While general aging may bring occasional mobility issues, dementia or Alzheimer’s introduces new challenges like wandering. Small changes in your home can dramatically reduce the risk of injury and keep your parents safe. Here are some examples:  

  • Install grab bars in the bathrooms and near steps 
  • Use raised toilet seats and shower benches 
  • Improve lighting with motion-sensor lights and nightlights 
  • Clear walkways and remove tripping hazards 
  • Installing safety measures like locks on hazardous cabinets and door alarms to prevent wandering 

In some cases, you may need to modify the home more extensively or consider memory care facilities.  

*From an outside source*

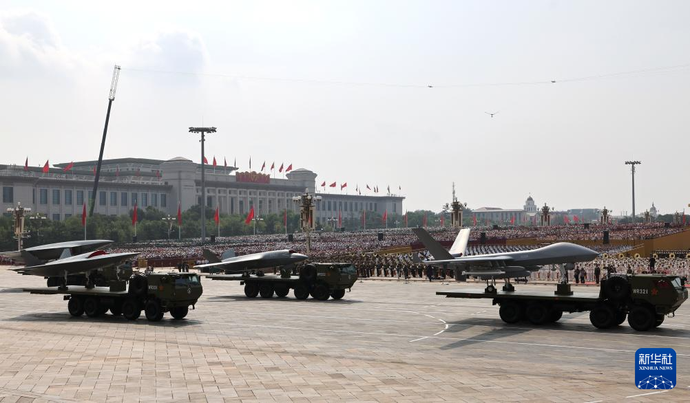 9月3日,紀念中國人民抗日戰爭暨世界反法西斯戰爭勝利80周年大會在北京隆重舉行。這是空中無人作戰方隊接受檢閱。

Advocating in the healthcare system 

The healthcare system can feel like a maze, making it difficult for seniors to navigate alone.  As your parents’ best advocate, you can ensure they receive appropriate treatment and are not overlooked. 

When dealing with healthcare providers, prepare before each appointment: bring a list of questions, write down any recent symptoms, and ask for explanations in plain language. If a treatment or procedure is denied by insurance, challenge the decision and ask for clarification in writing. Being an advocate isn’t about being difficult or challenging medical staff. It’s about making sure your parents get the care they need.


Caregiving isn’t about doing everything perfectly. What matters most is providing reliable, predictable support. No matter how you structure care, consistency is what builds trust.  

For your parents, support might look like regular walks, going to church, listening to music, or staying in touch with friends and family. Routines offer comfort, reduce anxiety, and make life easier for everyone.  

Equally important is taking care of yourself. When you prioritize your physical, emotional, and social health you’ll be better equipped to provide quality support. Many caregivers struggle with isolation, burnout, or anticipatory grief. Joining a support group, speaking with a professional, or hiring in-home support can help maintain balance. Caring for yourself isn’t a luxury, it’s an essential part of caring for your parents.